▶ WORK REQUIRED:
Reproduce exactly, and only, the lines of the material below running from the line bearing "Amazing displays of" through the line bearing "もやし2袋、豚バラ200g「". Leave any pictures out.

▶ INPUT DATA:

......

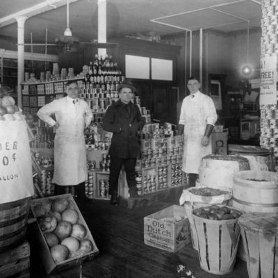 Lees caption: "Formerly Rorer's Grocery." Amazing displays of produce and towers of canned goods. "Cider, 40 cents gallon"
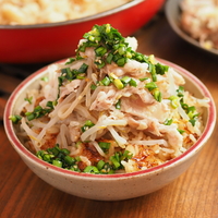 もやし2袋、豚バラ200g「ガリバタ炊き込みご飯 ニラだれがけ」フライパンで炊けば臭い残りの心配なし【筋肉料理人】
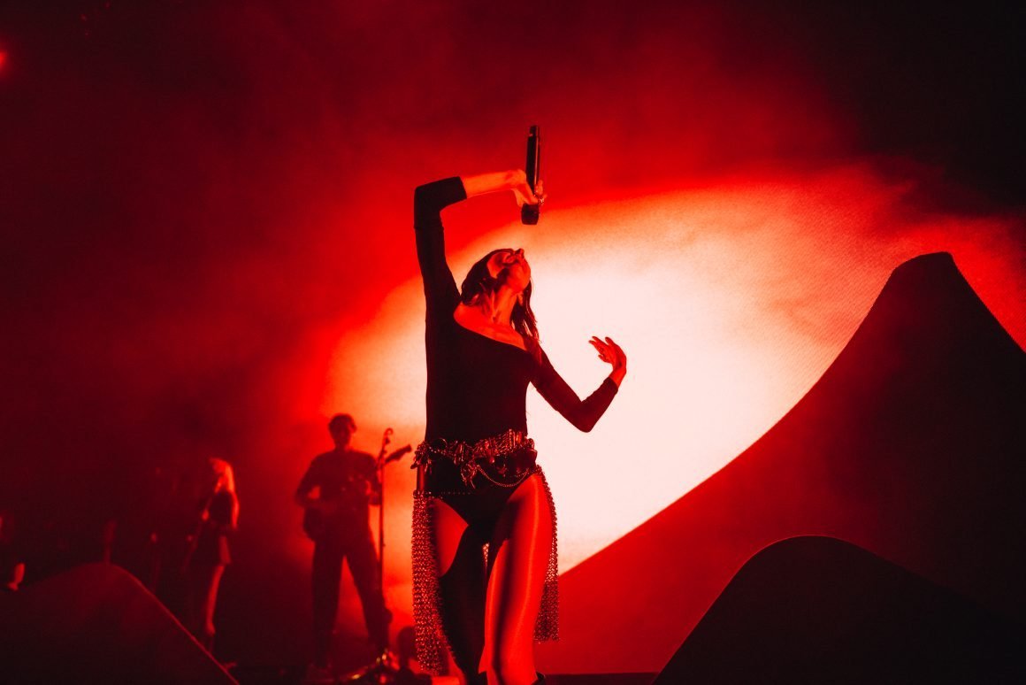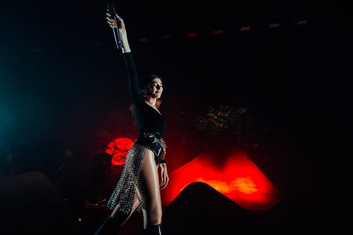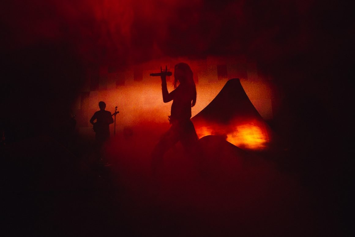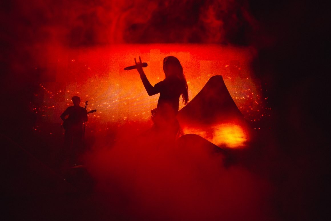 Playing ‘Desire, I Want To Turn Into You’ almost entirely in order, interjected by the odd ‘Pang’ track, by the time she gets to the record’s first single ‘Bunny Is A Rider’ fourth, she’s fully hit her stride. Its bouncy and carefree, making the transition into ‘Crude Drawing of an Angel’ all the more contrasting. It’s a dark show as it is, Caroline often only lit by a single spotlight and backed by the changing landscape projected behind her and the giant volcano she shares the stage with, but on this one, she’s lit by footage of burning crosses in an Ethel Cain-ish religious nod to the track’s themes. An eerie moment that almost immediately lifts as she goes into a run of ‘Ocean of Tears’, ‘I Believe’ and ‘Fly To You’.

......

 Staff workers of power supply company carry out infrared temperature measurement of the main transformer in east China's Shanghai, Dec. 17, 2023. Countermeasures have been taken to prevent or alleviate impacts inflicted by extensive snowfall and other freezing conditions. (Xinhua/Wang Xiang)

......

▶ REPLY:
 Lees caption: "Formerly Rorer's Grocery." Amazing displays of produce and towers of canned goods. "Cider, 40 cents gallon"
 もやし2袋、豚バラ200g「ガリバタ炊き込みご飯 ニラだれがけ」フライパンで炊けば臭い残りの心配なし【筋肉料理人】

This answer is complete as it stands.